Andrew, thanks for providing files. I also re-produced it. 

But cause of the exception is that you are trying to highlight on a field (body) that is not indexed. 

To enable highlighting you need both indexed="true" and stored="true" .
http://wiki.apache.org/solr/FieldOptionsByUseCase

I changed definition of body field from indexed="false" to indexed="true" and it is working now.

But for the record (with indexed="false"), it is weird that it produces snippet in the first request, and then fails in the second request. 



Re: search.highlight.InvalidTokenOffsetsException in Solr 3.5

Posted by andrew <an...@digicol.de>.
Robert, I just tried with 3.6-SNAPSHOT 1296203 from svn - the problem is
still there.

I am just about to leave for a vacation. I'll try to open a JIRA issue this
evening.


--
View this message in context: http://lucene.472066.n3.nabble.com/search-highlight-InvalidTokenOffsetsException-in-Solr-3-5-tp3560997p3793593.html
Sent from the Solr - User mailing list archive at Nabble.com.

Re: search.highlight.InvalidTokenOffsetsException in Solr 3.5

Posted by andrew <an...@digicol.de>.
I posted the files here: http://www.mediafire.com/?z43a5qyfvz4zxp1


--
View this message in context: http://lucene.472066.n3.nabble.com/search-highlight-InvalidTokenOffsetsException-in-Solr-3-5-tp3560997p3793496.html
Sent from the Solr - User mailing list archive at Nabble.com.

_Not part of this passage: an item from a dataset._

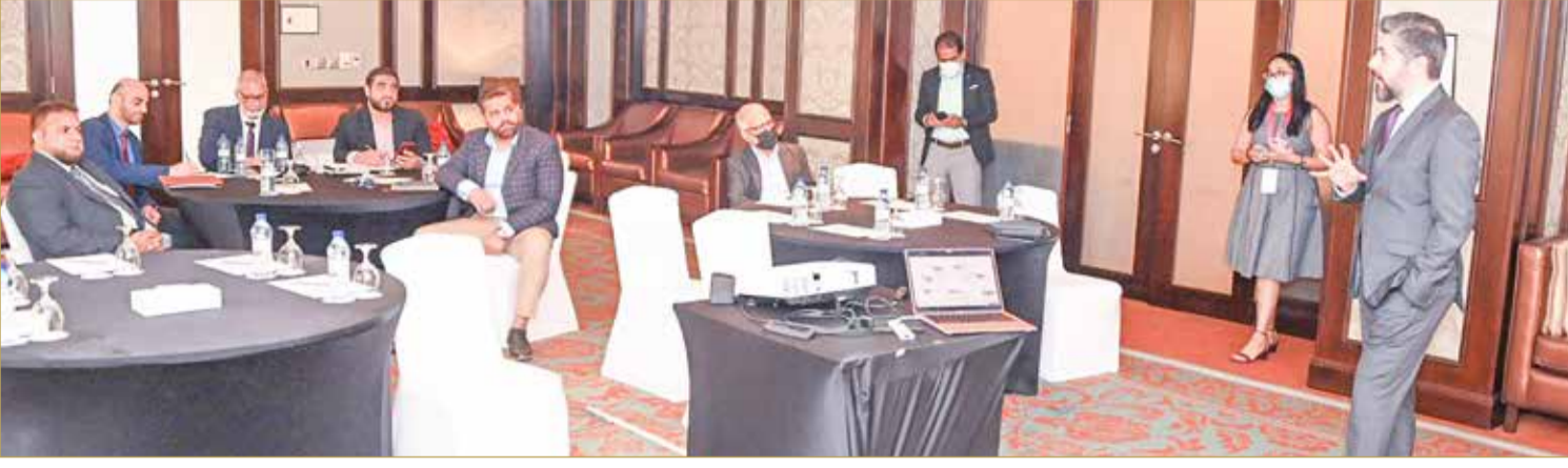
جانب من جلسات المؤتمر

Re: search.highlight.InvalidTokenOffsetsException in Solr 3.5

Posted by Ahmet Arslan <io...@yahoo.com>.
> I think it is not a good idea to post the Solr <add/>
> XML here - it is very
> long (text extract of a newspaper page) and may not
> reproduce verbatim
> (whitespace etc.) if I paste it here. 
> 
> iorixxx, koji - is it ok if I send the necessary artifacts
> (add XML, schema,
> config) via email?

I saw people using http://pastebin.com/ for this purposes before. Can you provide your full search URL too?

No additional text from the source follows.